The first of the conflicts over common assets, territorial disputes, Hamilton suggests is "one of the most fertile sources of hostility among the nations" (¶2) and, given the vast unsettled territory held by the United States collectively, would present a rather poignant and immediate problem to the states if there were no federal government which would control that unsettled territory. He points out that were the federal government to be dissolved that there would be immediate dissent between the states over the proper division of unclaimed land because each of the states would have equally good claim to title for the land once held by the (now dissolved) federal government. In fact, he points out that when independence was initially acquired, exactly this problem cropped up and it was solved only by granting disputed lands once belonging to the crown of England to the federal government rather than to individual states.

But unclaimed lands are not the only type of land involved in territory disputes. Hamilton points out the very real boundary disputes between Pennsylvania and Connecticut and between New York and Vermont in order to question how those disputes could possibly have been settled peacefully without a federal government to adjudicate. Without the coercive force of a strong federal government to require that the individual states accept a resolution, why would the states involve not resort to force of arms to decide the question if they cannot come to an agreement? Or if a third party arbitrator stepped in to help resolve the dispute, if either (or both) of the parties were not satisfied with the outcome, there would be nothing to prevent either side from rejecting the results of arbitration and, further, nothing to prevent one or both sides from turning to force of arms to settle the dispute.

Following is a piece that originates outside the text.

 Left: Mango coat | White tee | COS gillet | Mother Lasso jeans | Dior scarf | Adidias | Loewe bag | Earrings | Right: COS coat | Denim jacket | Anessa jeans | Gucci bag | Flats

Just as Hamilton saw assets such as land presenting a cause for friction between the states, he also saw problems with the liability of the national debt. Debt acquired by the fledgling United States during the war for independence presented a unique problem because there was simply no fair way to apportion the debt between the states. For any scheme that might be suggested, Hamilton notes that there are real and honest objections and that these objections are magnified by diverse interests among the various states (¶7). For, as Hamilton observes, some states felt morally obligated to pay off the war-time debt and other states had no interest in making any payment whatsoever. This situation, in Hamilton's view would lead to "hesitation" in payment which, in turn, would invite foreign powers to initiate war as a means to recover the money they loaned to the fledgling republic. Disputes over the handling of libabilities, then, lead not only to conflict between individual states but also potentially lead to war with foreign powers.

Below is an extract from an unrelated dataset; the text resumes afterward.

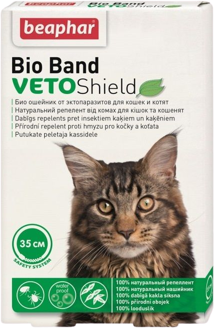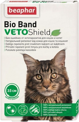 Beaphar Bio Band Veto Shield Repelentný obojok 35 cmVšetko o produkteDoplňujúce informácieHodnotenie produktuZabudnite na chémiu, ktorá môže ublížiť mačičke aj Vám. Firma Beaphar vyvinula jedinečný, úplne biologický repelentný obojok založený na báze prírodných zložiek. Levanduľový olej s esenciami nimby (margózy) predstavuje veľmi účinnú kombináciu, ktorá odpudzuje blchy aj kliešte. Pre človeka aj mačku ide o veľmi príjemnú, sviežu, levanduľovú vôňu, ktorá pôsobí ako trvalý ochranný plášť.

The real heart of the problem, Hamilton argues, consists of two distinct motivating factors. One the one hand there is a very real fear and jealousy on the part of each state of the possibility that other states will increase in size and power and, thus, relatively decrease their own size and power. On the other, within each state are "individuals of influence" (¶4) who have their own private agendas and seek territorial growth in order to satisfy those interests. In each of these cases, the proposed US Constitution provides a damper. Not only does the US Constitution create a form of equality between the states which reduces the concern over the growth of neighboring states, but it creates an unique environment where private interests can pursue their commercial agendas without the need to push individual states toward territorial expansion.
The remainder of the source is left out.